The first contribution targets the validation of OCaml-to-PVS translation -- commonly used to translate instruction-set-architecture (ISA) specifications to PVS -- where the destination language is non-executable. We present a methodology called OPEV to validate the translation between OCaml and PVS, supporting non-executable semantics. The validation includes generating large-scale tests for OCaml implementations, generating test lemmas for PVS, and generating proofs that automatically discharge these lemmas. OPEV incorporates an intermediate type system that captures a large subset of OCaml types, employing a variety of rules to generate test cases for each type. To prove the PVS lemmas, we develop automatic proof strategies and discharge the test lemmas using PVS Proof-Lite, a powerful proof scripting utility of the PVS verification system. We demonstrate our approach in two case studies that include 259 functions selected from the Sail and Lem libraries. For each function, we generate thousands of test lemmas, all of which are automatically discharged.
The dissertation's second contribution targets the soundness validation of a disassembly process where the source language does not have well-defined semantics.
Disassembly is a crucial step in binary security, reverse engineering, and binary verification. Various studies in these fields use disassembly tools and hypothesize that the reconstructed disassembly is correct. However, disassembly is an undecidable problem. State-of-the-art disassemblers suffer from issues ranging from incorrectly recovered instructions to incorrectly assessing which addresses belong to instructions and which to data. We present DSV, a systematic and automated approach to validate whether the output of a disassembler is sound with respect to the input binary. No source code, debugging information, or annotations are required. DSV defines soundness using a transition relation defined over concrete machine states: a binary is sound if, for all addresses in the binary that can be reached from the binary's entry point, the bytes of the (disassembled) instruction located at an address are the same as the actual bytes read from the binary. Since computing this transition relation is undecidable, DSV uses over-approximation by preventing false positives (i.e., the existence of an incorrectly disassembled reachable instruction but deemed unreachable) and allowing, but minimizing, false negatives. We apply DSV to 102 binaries of GNU Coreutils with eight different state-of-the-art disassemblers from academia and industry. DSV is able to find soundness issues in the output of all disassemblers.

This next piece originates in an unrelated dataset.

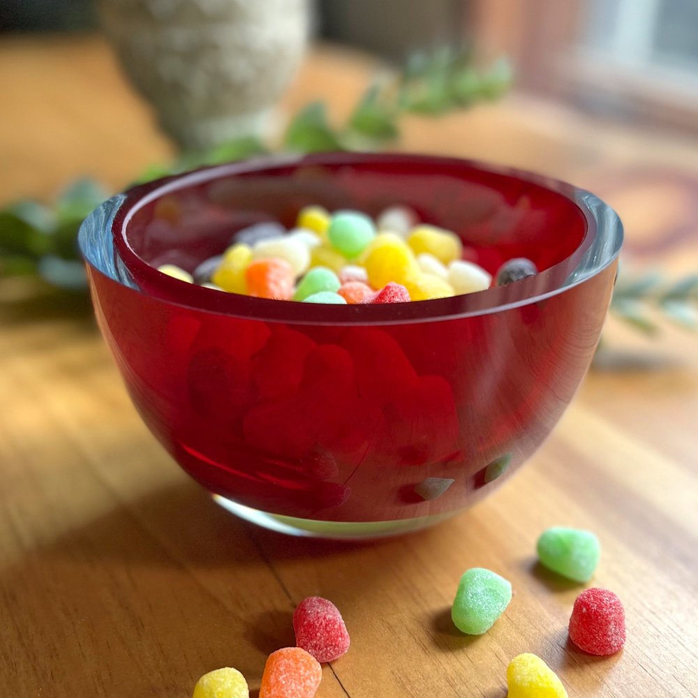 6" Red Mouth Blown Crystal Thick Walled Bowl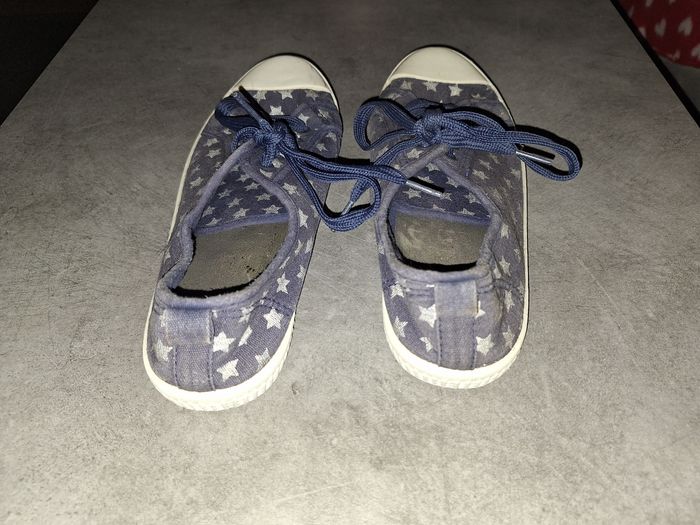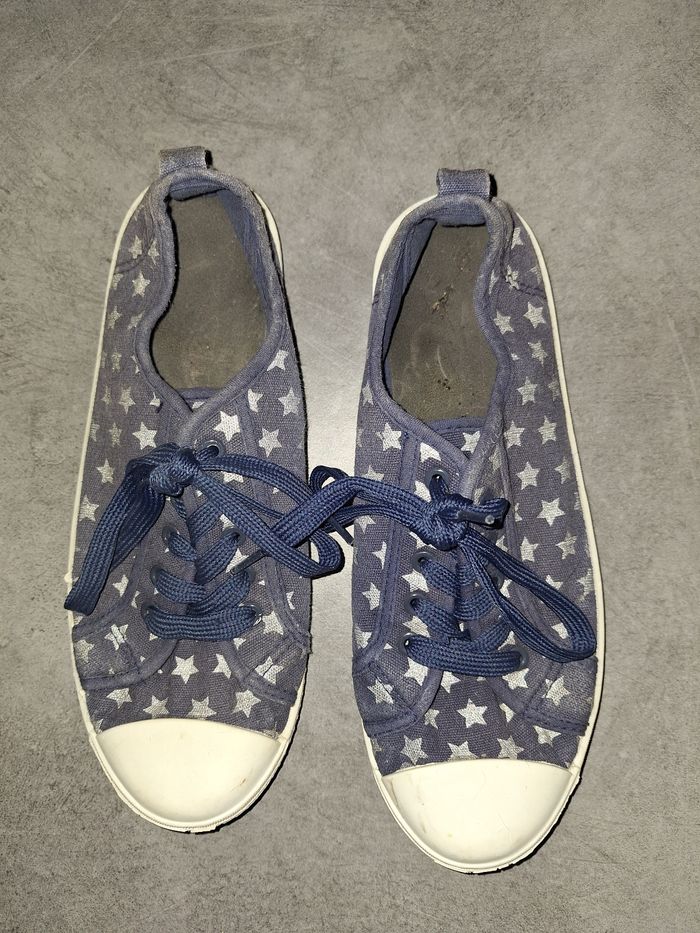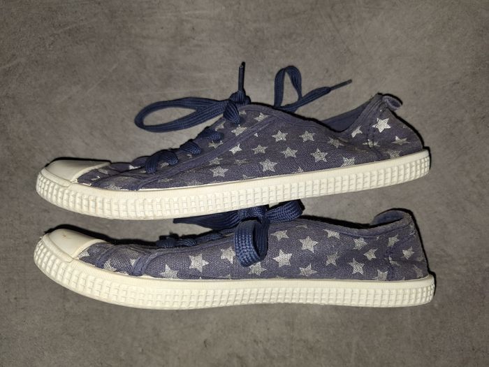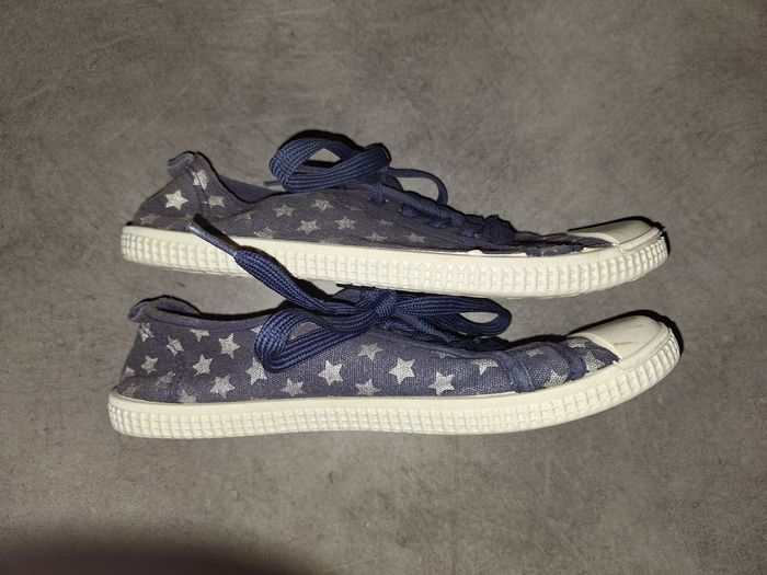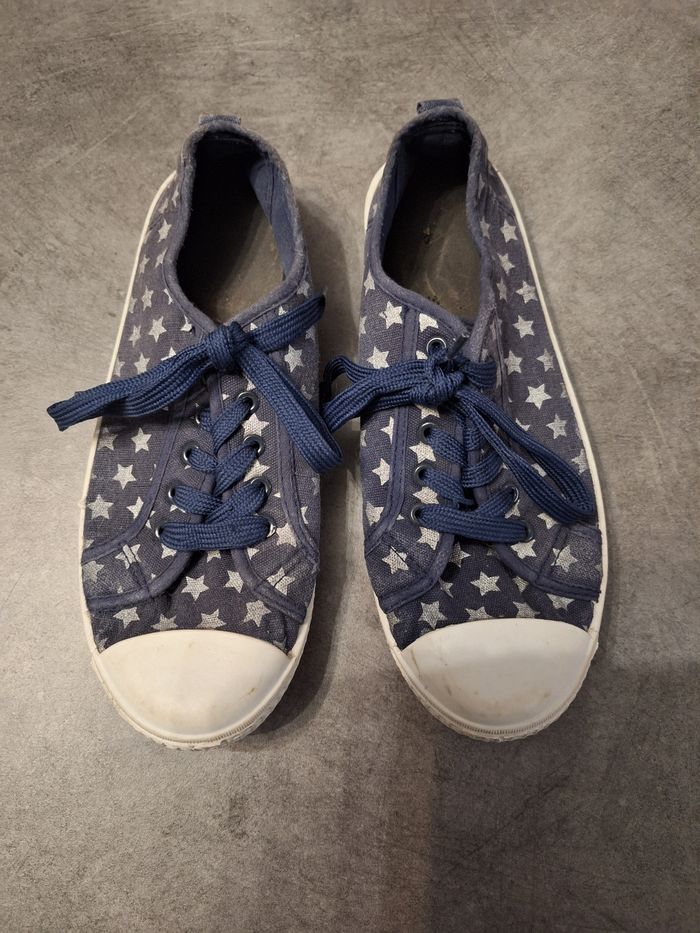 Baskets légères en toile bleu marine avec étoiles argentées, pointure 38, portées mais en bon état

The dissertation's third contribution is WinCheck: a concolic model checker that detects memory-related properties of closed-source binaries. Bugs related to memory accesses are still a major issue for security vulnerabilities. Even a single buffer overflow or use-after-free in a large program may be the cause of a software crash, a data leak, or a hijacking of the control flow. Typical static formal verification tools aim to detect these issues at the source code level. WinCheck is a model-checker that is directly applicable to closed-source and stripped Windows executables. A key characteristic of WinCheck is that it performs its execution as symbolically as possible while leaving any information related to pointers concrete.
This produces a model checker tailored to pointer-related properties, such as buffer overflows, use-after-free, null-pointer dereferences, and reading from uninitialized memory. The technique thus provides a novel trade-off between ease of use, accuracy, applicability, and scalability. We apply WinCheck to ten closed-source binaries available in a Windows 10 distribution, as well as the Windows version of the entire Coreutils library. We conclude that the approach taken is precise -- provides only a few false negatives -- but may not explore the entire state space due to unresolved indirect jumps. / Doctor of Philosophy / Binary verification is a process that verifies a class of properties, usually security-related properties, on binary files, and does not need access to source code.
Since a binary file is composed of byte sequences and is not human-readable, in the binary verification process, a number of assumptions are usually made. The assumptions often involve the error-free nature of a set of subsystems used in the verification process and constitute the verification process's trusted computing base (or TCB). The reliability of the verification process therefore depends on how reliable the TCB is. The dissertation presents three research contributions in this regard. The first two contributions include reducing the TCB in binary verification, and the last contribution includes a binary verification process that leverages a reduced TCB.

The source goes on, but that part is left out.